Overview

 

Mk-2-Perone-Hive-diagram

A diagram detailing one of the many ways to build a Mk 2 Perone Hive.   IMPORTANT: There is a typo in this diagram.  The dimensions of the small board below the first comb grid should read 1″ (2.54 cm) x 7 cm  NOT 1″ (2.54 cm) x 4.4 cm.   

About the Size

The Perone Hive’s size is based on two factors:

1.   A capacity of  280 L (282 L to be exact):    In his 40 years of beekeeping, Oscar experimented with various sized hives, but observed that the colonies he was working with were strongest, most resilient, and most productive when they had around 280 L of space.

2. The Golden Ratio – The hive has the proportions of a Golden Rectangle.   For centuries mathematicians, artists, and architects have been fascinated by the Golden rectangle, which is believed to be more “ascetically pleasing” than rectangles whose sides do not have the golden ratio.   The Golden Ratio is found repeatedly throughout nature, in the spiral of nautilus shells, the base of pine cones, and the distance or length of various human body parts.   For a more visually enriching presentation of the Golden Ratio and Rectangle, you can check out the following video:

All About the Golden Ratio

Materials Needed to Build the Hive:

Saw

Hammer

Nails

Measuring tape, chisel, and a square can also be handy.

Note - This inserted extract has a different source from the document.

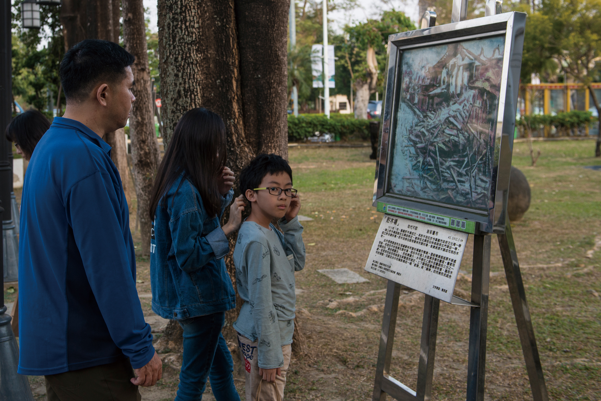 吃完冰,告別陳澄波故居,走入市區人潮裡,不遠處的廟埕旁,也有一幅陳澄波畫架,展示著畫家1927年創作的〈溫陵媽祖廟〉。斯人已遠,彷彿可以看見畫家孤獨的身影,在記憶的滔浪裡,面露微笑、揹著畫架,穿過市場的囂嘩,繼續他走遊全島作畫的旅程。

UNTREATED WOOD   –  Most commercial lumber, for preservation purposes, is treated with chemicals that also serve as fungicides and insecticides – substances that can have a big effect on little bees.

What kind of wood is good?

Truthfully, the topic of bees’ wood preferences isn’t a very well-researched area, though Dr. Thomas Seeley, author of Honeybee Democracy mentions that when he was studying wild bee hives in the 1970s, he observed that the bees didn’t seem to favor one species of tree over another when it came to making their home.   In the northeastern U.S., he found hives equally dispersed throughout pines, hickories, oaks, elms, maples, walnuts and ashes.

In many parts of the world Red cedar is a traditional choice for bee hives because the oils it contains naturally help preserve the wood without any type of chemical treatment.   Due to our personal environmental convictions regarding sustainability, we recommend using species that are native or local to your area.